Monday, October 19, 2009

Brütal Legend is Brütally Awesome

Brütal Legend arrived on my doorstep Friday afternoon, and I managed to finish it early this evening after work.

That means two things, one good, one bad:

1. The game is awesome and engrossing. It's well paced, and involves you with a continuing progression of challenge that means you can play it for 6 hours straight and not get bored.

2. The game is really really short.

No, really really short. I got about 12 hours of game play out of it; and that was half sandbox time. There was only about six hours in the main storyline.

Oh and the side missions are pretty pointless and repetitive, so you can't really extend the play value with those. There's basically no replay value in the single player mode.

The game is kind of an odd fusion of genres; a combination of arcade style melee combat, the ever popular GTA style sandbox drive and fight mission gaming, and resource/unit management based real time strategy.

Oh and of course, METAL!!!!!

If you aren't a big fan of heavy metal, you're going to hate this game.
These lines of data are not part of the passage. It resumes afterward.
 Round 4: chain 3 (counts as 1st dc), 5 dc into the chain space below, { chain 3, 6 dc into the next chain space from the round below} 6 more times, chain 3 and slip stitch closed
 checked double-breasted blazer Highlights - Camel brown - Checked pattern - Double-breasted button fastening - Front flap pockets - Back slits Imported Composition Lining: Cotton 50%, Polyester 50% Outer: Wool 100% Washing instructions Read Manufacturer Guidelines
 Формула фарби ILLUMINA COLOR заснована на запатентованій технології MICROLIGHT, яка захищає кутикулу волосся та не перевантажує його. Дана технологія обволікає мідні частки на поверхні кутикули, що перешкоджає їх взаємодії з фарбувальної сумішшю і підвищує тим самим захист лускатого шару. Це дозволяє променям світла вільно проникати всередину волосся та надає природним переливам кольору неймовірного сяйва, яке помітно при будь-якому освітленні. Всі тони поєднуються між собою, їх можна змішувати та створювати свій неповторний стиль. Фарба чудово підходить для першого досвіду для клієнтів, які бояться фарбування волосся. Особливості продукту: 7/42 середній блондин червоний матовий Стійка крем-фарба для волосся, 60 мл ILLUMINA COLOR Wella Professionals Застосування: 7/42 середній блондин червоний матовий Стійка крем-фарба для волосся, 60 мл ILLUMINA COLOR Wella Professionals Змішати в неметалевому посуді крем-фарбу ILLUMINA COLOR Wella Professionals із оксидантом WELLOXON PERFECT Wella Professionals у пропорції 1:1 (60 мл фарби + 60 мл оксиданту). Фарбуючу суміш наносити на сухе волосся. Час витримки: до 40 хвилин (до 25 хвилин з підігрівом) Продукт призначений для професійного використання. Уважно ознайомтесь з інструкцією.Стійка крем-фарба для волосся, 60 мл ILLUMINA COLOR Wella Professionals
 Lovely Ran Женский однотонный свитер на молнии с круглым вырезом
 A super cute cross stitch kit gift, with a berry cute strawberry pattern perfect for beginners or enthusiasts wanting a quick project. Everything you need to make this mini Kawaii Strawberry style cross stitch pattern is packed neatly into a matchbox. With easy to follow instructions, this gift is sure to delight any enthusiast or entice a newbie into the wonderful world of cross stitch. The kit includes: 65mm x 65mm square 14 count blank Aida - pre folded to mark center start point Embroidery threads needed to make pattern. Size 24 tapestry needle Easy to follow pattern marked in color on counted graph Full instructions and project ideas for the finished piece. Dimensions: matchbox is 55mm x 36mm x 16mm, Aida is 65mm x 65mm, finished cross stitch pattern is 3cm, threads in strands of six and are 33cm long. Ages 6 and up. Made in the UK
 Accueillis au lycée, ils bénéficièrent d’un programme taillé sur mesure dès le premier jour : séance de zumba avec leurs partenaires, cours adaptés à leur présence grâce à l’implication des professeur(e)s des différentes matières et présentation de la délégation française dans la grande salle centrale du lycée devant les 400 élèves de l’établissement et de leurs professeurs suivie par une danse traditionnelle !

EVERYTHING about this game is metal. The character names, the artwork, the dialog, and of course, the soundtrack; which is a world tour of the history of metal, with 108 songs from 75 bands, spread across the major metal genres (including two songs written just for the game)...

...Though admittedly, the list is heavily weighted towards early 80s metal (which I consider a GOOD thing).

Also, the voice actors are totaly metal; featuring Ozzy Osbourne, Rob Halford, Lemmy, Lita Ford and (debatably metal, and seriously irritating to many people) Jack Black as the main character.

Oh, and continuing his long tradition of kinky bastards, demons, and deliciously evil bad guys; Tim Curry voices the big bad.

If on the other hand you LOVE metal, as I do; the game is great fun.

Is it worth the $56 (for the PS3 anyway)? It was for me. 12 hours worth of entertainment is three fairly long books, 6 movies, maybe 3 dinners out... all of which are roughly comparable more or less in cost (unless you go for library books or rental movies anyway).

There's a different debate out there, as to the escalating costs of video games in general and as to whether those costs are justified; but that's an argument for a different post.

I say, if you like metal, don't hate Jack Black, and like sandbox games; go for it.

Oh, and "The Superfluous Umlauts" would be a great name for a rock band.